Thursday, April 24, 2008

AI Luminaries and their claims

This is a bit of a rant. In our weekly AI colloquium we have covered two high profile AI people, Dr. Robert Hecht-Nielsen and his Confabulation theory and Jeff Hawkins and his book On Intelligence plus his ideas around Hierarchical Temporal Memory.

Neither of the two above people are terribly famous in AI academic circles per se, but they do get some press. They are both founders of very successful business in HNC (Now FairIssac) and Palm/PalmPilot. Particularly in the case of HNC's use of AI for fraud detection in financial transactions, I am very impressed. Yet this is where it gets ugly.

If you read Hawkin's book or listen to a Youtube lecture of Dr. Hecht-Nielsen you would think these guys have invented the next great AI of the 'I have modeled the brain' variety. They both demonstrate very interesting neural network inspired architectures and basic computation. They are both complete with deep layering, feedback loops and other structures that NN people have known will work for years.

Yet both of them will just repeat similar claims that this is how the brain actually works and with this architecture real cognition is possible, even potentially trivial? Hogwash. Batshit Insanity.

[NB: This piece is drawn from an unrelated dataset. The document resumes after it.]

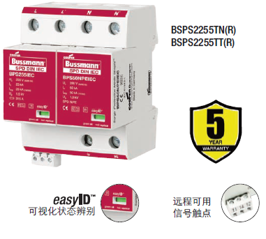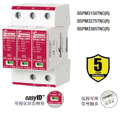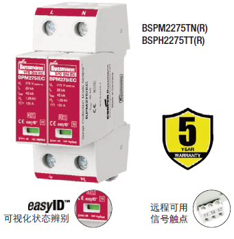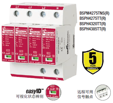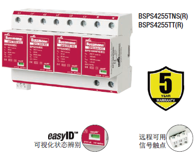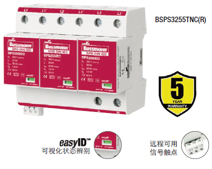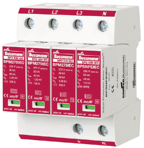 Cooper Bussmann IEC I級230伏、三極、結合了雷電流和浪涌保護器的模塊具有兩個特色:局部的、easyIDTM可視化辨別
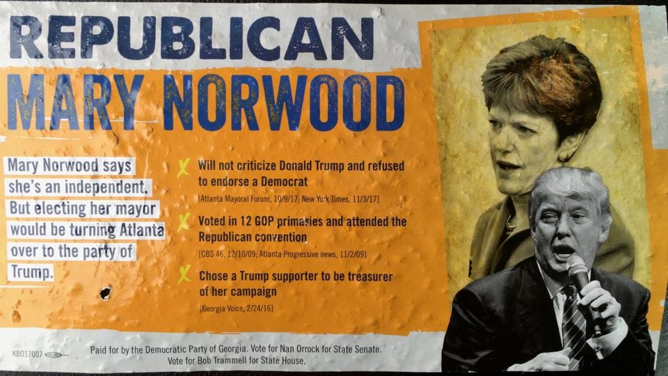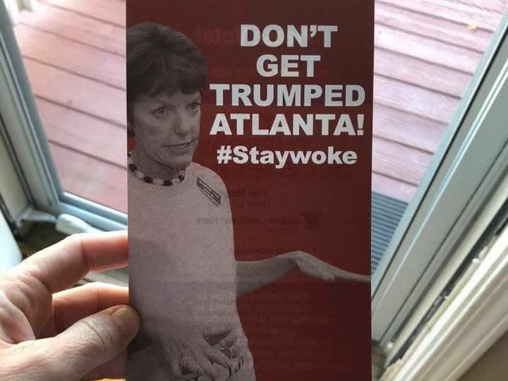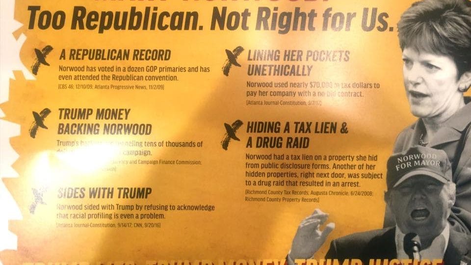A sampling of the literature pushed out by the Democratic Party of Georgia falsely attacking independent Mary Norwood as a Trump supporter.

These aren't my words, they were used to describe Stephen Wolfram's work on Cellular Automata and his claims that his flavor of CAs can build anything and describe all physics. He makes lots of strong claims against a theory he spend decades toiling on nearly alone.

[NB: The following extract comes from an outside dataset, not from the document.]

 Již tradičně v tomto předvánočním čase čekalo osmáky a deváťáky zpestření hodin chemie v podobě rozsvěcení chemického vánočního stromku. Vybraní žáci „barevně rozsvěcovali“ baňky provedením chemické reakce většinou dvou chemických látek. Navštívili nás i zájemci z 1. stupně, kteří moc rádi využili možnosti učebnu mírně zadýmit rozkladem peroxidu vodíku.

Would Peter Norvig ever make these types of claims? I tend to think no way.

First, how can you make the claim that this architecture is really how the brain works and as such will lead to cognition or reasoning? To me that is what they are.. architectures of computation.

Where are the programs? Where is the embedded/encoded/learned method that can actually reason in some logical or nearly logical fashion? Ie chaining facts together to create derived knowledge? Picking apart disparate background statements/data to answer queries for information? How does this architecture answer the question of what are necessary and sufficient conditions to produce computerized general reasoning?

It's a massive leap of faith for me to take for granted that a neural architecture, with all it's bells and whistles, will just lead to reasoning. Doesn't it take just one counter-example of something that such an architecture and associated learning methods can not learn correctly to break the bold claims?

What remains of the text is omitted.